Problem description:
Where a line contains "These pearl drop", begin there and restate word for word every line to the end of the entries below, pictures excluded.

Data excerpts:
•••••

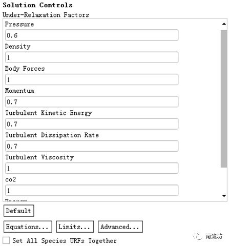 (2)单击主菜单中Solving→Controls→Controls按钮,弹出Solution Controls(松弛因子控制)面板。在Under-Relaxation Factor中Pressure中填入0.6,Turbulence Kinetic Energy中填入0.7,Turbulence Dissipation Ratio填入0.7。
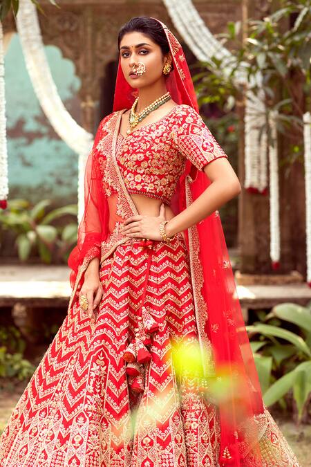 Red attached cancan lehenga on pure raw silk base with floral & geometric resham and zardozi hand embroidery. Come with embroidered, padded blouse & dupatta.
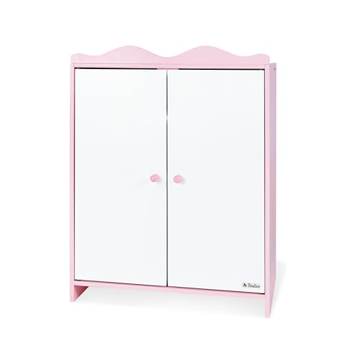 PINOLINO Dockgarderob 'Jasmin', av trä, med 1 hyllplan, 1 klädstång och 3 klädhängare, dockmöbler för flickor från 2 år, rosa/vit
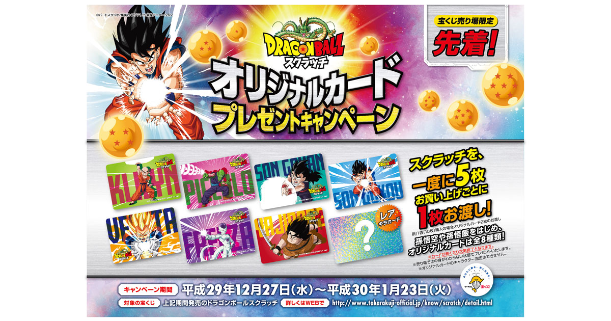 A cada compra de cinco bilhetes do “Dragon Ball Scratch” de uma só vez no balcão de venda de loteria, você receberá 1 “Cartão Original do Dragon Ball Scratch” de presente.
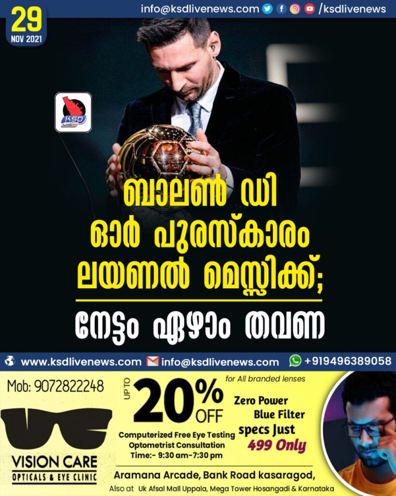 ഏറ്റവും കൂടുതല് ബാലണ് ഡി ഓര് പുരസ്കാരം സ്വന്തമാക്കിയ താരവും മെസ്സിയാണ്. നേരത്തേ 2009, 2010, 2011, 2012, 2015, 2019 വര്ഷങ്ങളിലും മെസ്സി ബാലണ് ഡി ഓര് നേടിയിട്ടുണ്ട്. അഞ്ച് ബാലണ് ഡി ഓര് സ്വന്തമാക്കിയ പോര്ച്ചുഗീസ് താരം ക്രിസ്റ്റ്യാനോ റൊണാള്ഡോയാണ് തൊട്ടു പിന്നില്.
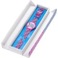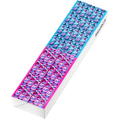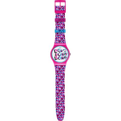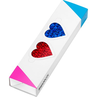 Este reloj Special presenta una esfera blanca con las palabras «LOVE» y «BLAH» impresas en rosa, negro y azul. Al observarlo a través de un cristal tintado en rojo o azul, verá una palabra diferente en la esfera.
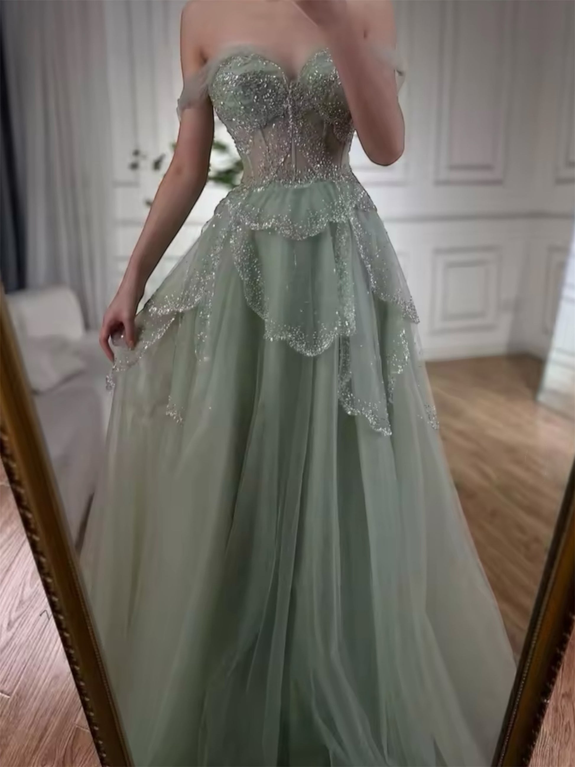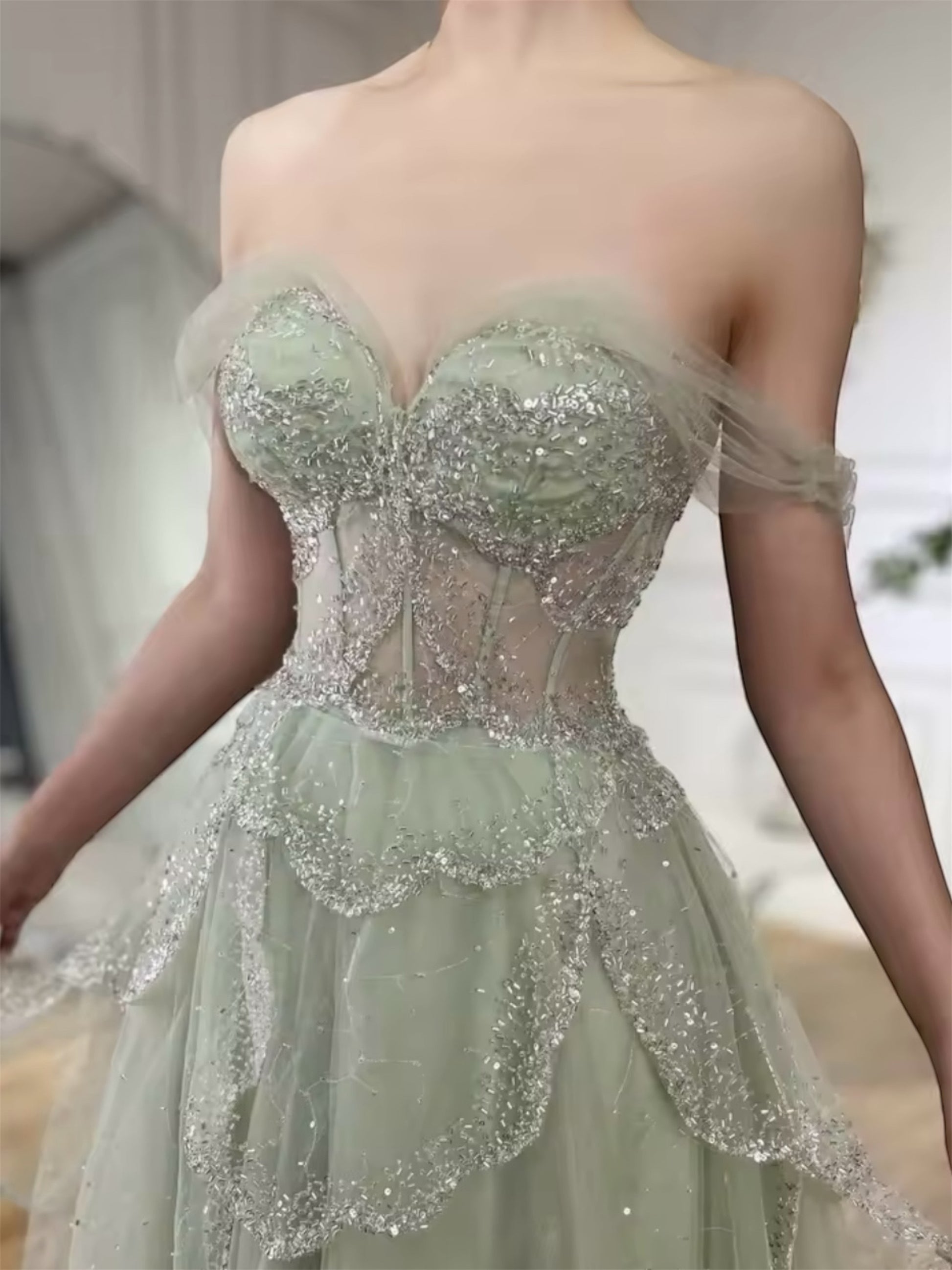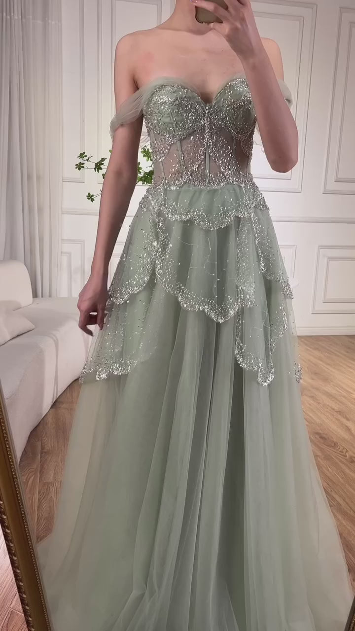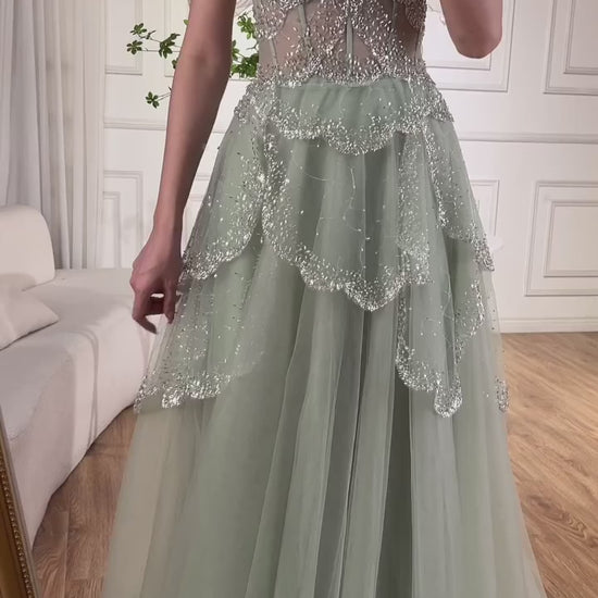 Mia gown features a structured corset bodice that beautifully sculpts the waist and enhances the silhouette. The delicate silver embellishments cascade over soft tired layers, adding depth and elegance. The back is finished with a classic lace-up corset, offering an adjustable, flattering fit for every body type.
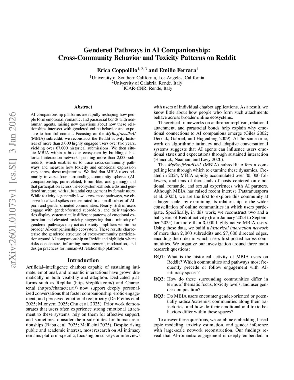 AI-companionship platforms are rapidly reshaping how people form emotional, romantic, and parasocial bonds with non-human agents, raising new questions about how these relationships intersect with gendered online behavior and exposure to harmful content. Focusing on the MyBoyfriendIsAI (MBIA) subreddit, we reconstruct the Reddit activity histories of more than 3,000 highly engaged users over two years, yielding over 67,000 historical submissions. We then situate MBIA within a broader ecosystem by building a historical interaction network spanning more than 2,000 subreddits, which enables us to trace cross-community pathways and measure how toxicity and emotional expression vary across these trajectories. We find that MBIA users primarily traverse four surrounding community spheres (AI-companionship, porn-related, forum-like, and gaming) and that participation across the ecosystem exhibits a distinct gendered structure, with substantial engagement by female users. While toxicity is generally low across most pathways, we observe localized spikes concentrated in a small subset of AI-porn and gender-oriented communities. Nearly 16% of users engage with gender-focused subreddits, and their trajectories display systematically different patterns of emotional expression and elevated toxicity, suggesting that a minority of gendered pathways may act as toxicity amplifiers within the broader AI-companionship ecosystem. These results characterize the gendered structure of cross-community participation around AI companionship on Reddit and highlight where risks concentrate, informing measurement, moderation, and design practices for human-AI relationship platforms.
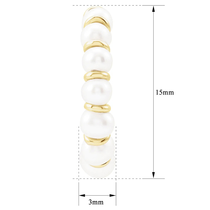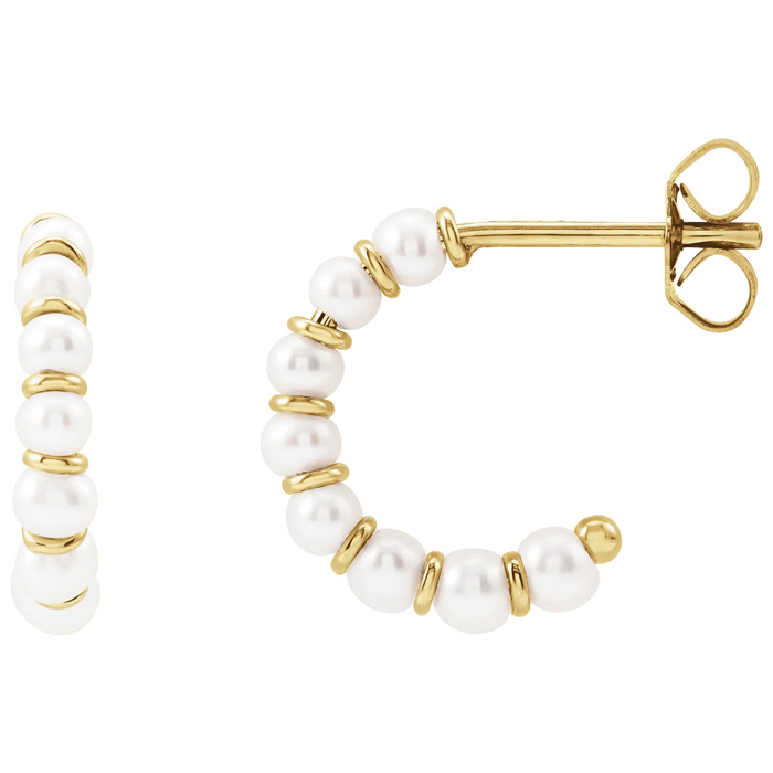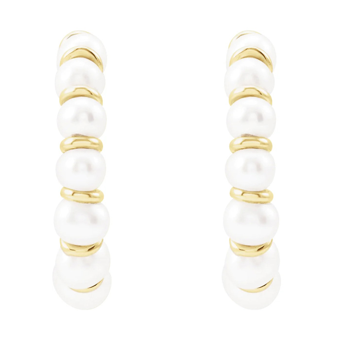 These pearl drop earrings feature 16 3mm freshwater cultured pearls adorning a hoop. These earrings are in 14 karat yellow gold and have post with friction backs.
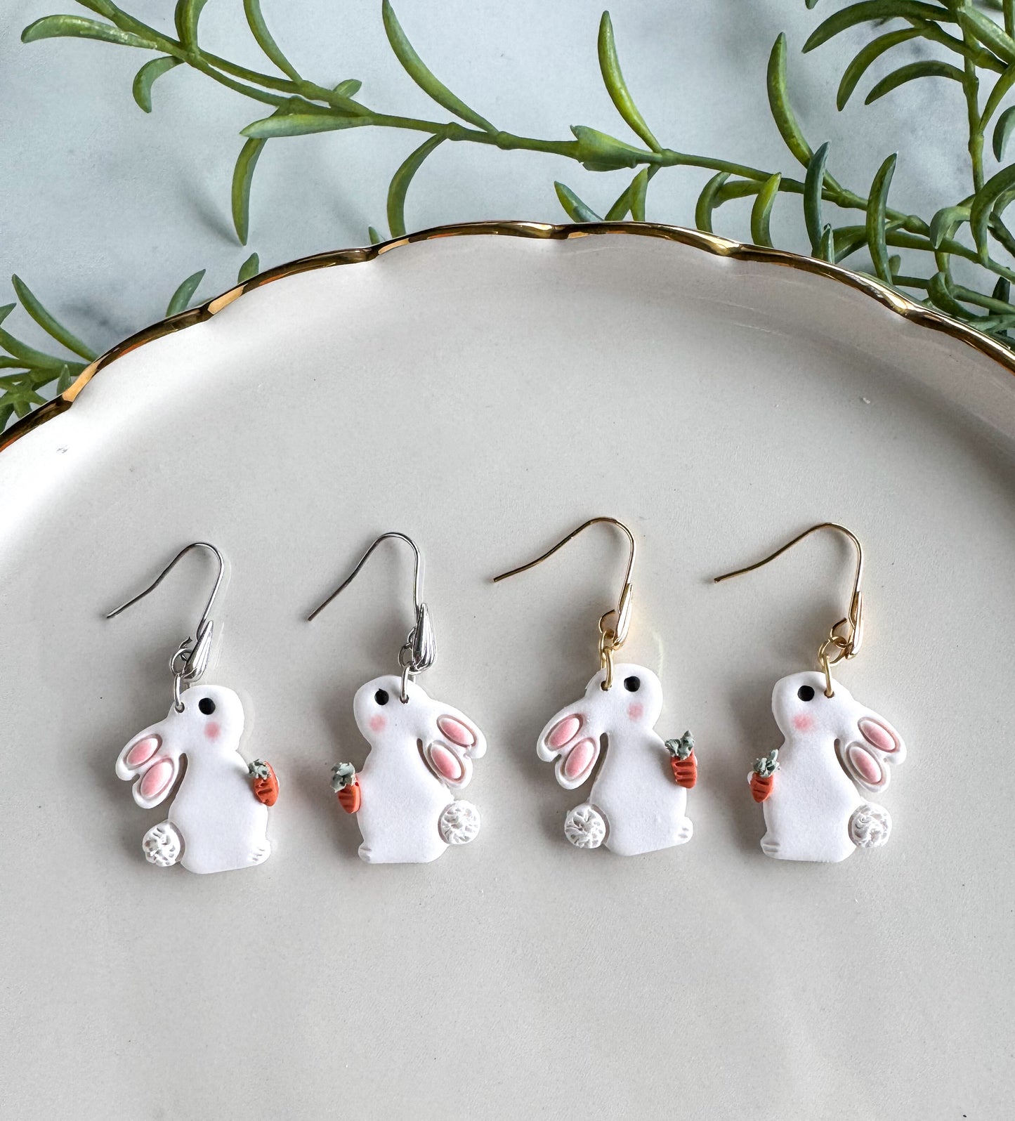 Cutie little easter bunnies with their carrots! Handcrafted polymer clay, attached to nickel-free silver or gold-plated brass ear wires.

•••••

Task solution:
 These pearl drop earrings feature 16 3mm freshwater cultured pearls adorning a hoop. These earrings are in 14 karat yellow gold and have post with friction backs.
 Cutie little easter bunnies with their carrots! Handcrafted polymer clay, attached to nickel-free silver or gold-plated brass ear wires.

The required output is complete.